_EXCERPTED RECORDS:_
▼

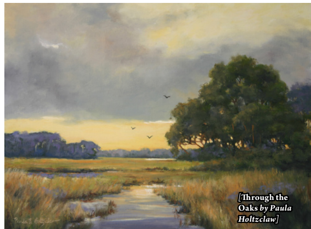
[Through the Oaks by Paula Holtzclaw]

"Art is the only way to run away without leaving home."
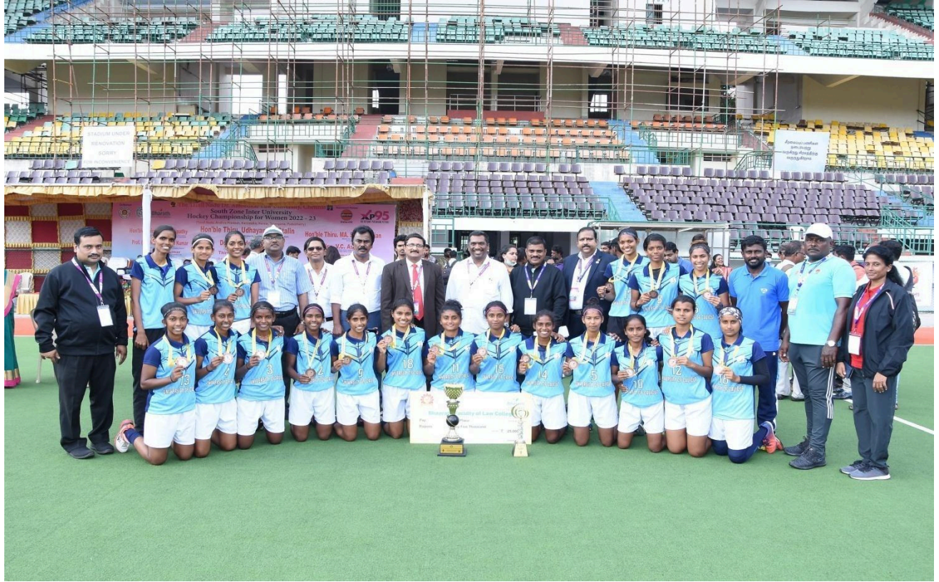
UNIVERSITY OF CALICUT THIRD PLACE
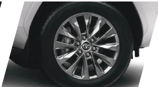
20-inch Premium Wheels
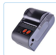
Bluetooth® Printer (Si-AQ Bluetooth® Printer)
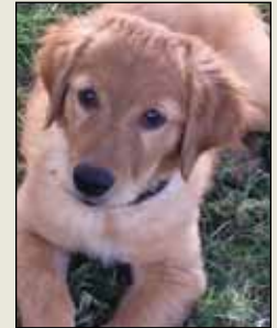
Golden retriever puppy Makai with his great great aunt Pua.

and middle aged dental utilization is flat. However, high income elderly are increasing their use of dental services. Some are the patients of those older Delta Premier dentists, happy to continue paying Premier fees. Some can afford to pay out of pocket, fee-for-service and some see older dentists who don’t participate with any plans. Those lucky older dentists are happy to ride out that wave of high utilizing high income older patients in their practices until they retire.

▲

_DESCRIPTION OF THE TASK:_ While skipping the pictures, transcribe the data above from the line showing "Bluetooth® Printer (Si-AQ Bluetooth® Printer)" through the line showing "Golden retriever puppy", exactly and with both ends.

_EXERCISE RESULT:_
Bluetooth® Printer (Si-AQ Bluetooth® Printer)
Golden retriever puppy Makai with his great great aunt Pua.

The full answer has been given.